You’re immortal in the multiverse. - lavoie
https://medium.com/p/ae321074a20f

======
thenerdfiles
"Your" mind and "my" mind are not discrete entities, under the description of
quantum systems.[0][1].

    
    
        When you measure the fluorescence lifetime of ruby, for 
        instance, you only measure the presence of emitted photons 
        on a quantum physical way, which implies the collapse of 
        the system’s quantum state, but you measure the time at 
        which the photodetector gets activated by simultaneously 
        reading a clock in a classical way. That is a very strange 
        feature of the quantum/classical dichotomy of the 
        Copenhagen interpretation, and it leaves one very basic 
        question completely open: There is no way to predict 
        quantum physically when the quantum measurement 
        process and the collapse of the quantum state will take place, 
        or even to find out the time distribution of the measurement 
        process in a statistical way.
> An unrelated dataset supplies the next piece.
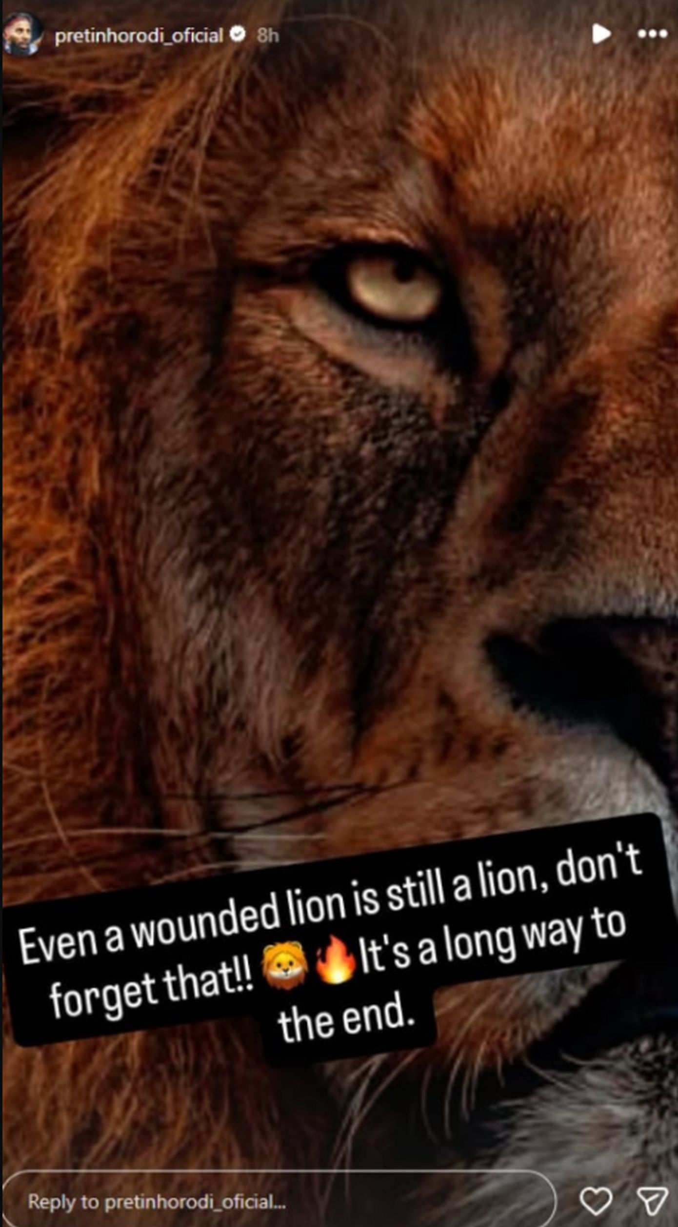 Ο έμπειρος Βραζιλιάνος δεξιός μπακ του Ολυμπιακού έγραψε χαρακτηριστικά: «Ακόμα και ένα πληγωμένο λιοντάρι παραμένει λιοντάρι. Μην το ξεχνάτε αυτό! Είναι μακρύς ο δρόμος έως το τέλος», στέλνοντας ένα μήνυμα με ξεκάθαρο αγωνιστικό και ψυχολογικό περιεχόμενο.

The Copenhagen interpretation 
        only defines the statistical distribution of the possible 
        measurement results assuming a measurement is being 
        performed at a given time, but doesn’t tell anything about the 
        conditions under which a quantum measurement will actually 
        happen – basically because measuring is considered as an act 
        taking place in the classical world, which escapes quantum 
        physical description.[2]
    

[0]: "You and I". Sebastian Rödl. Universität Basel.
[https://dl.dropboxusercontent.com/u/47805860/Articles/Roedl_...](https://dl.dropboxusercontent.com/u/47805860/Articles/Roedl_youandI.pdf)

[1]: "Quantum". Aha Hah.
[https://gomockingbird.com/mockingbird/#xl6a68x/NLd6c9](https://gomockingbird.com/mockingbird/#xl6a68x/NLd6c9)

[2]: "Quantum Ethics". Sébastien Fauvel. [https://github.com/quantum-
ethics/quantum-ethics](https://github.com/quantum-ethics/quantum-ethics)

------
notastartup
extremely interesting read. if the building blocks of all matter can exist in
infinite number of states at the same time, isn't it also possible on the
macroscopic level? Why would it be only restricted under a microscope?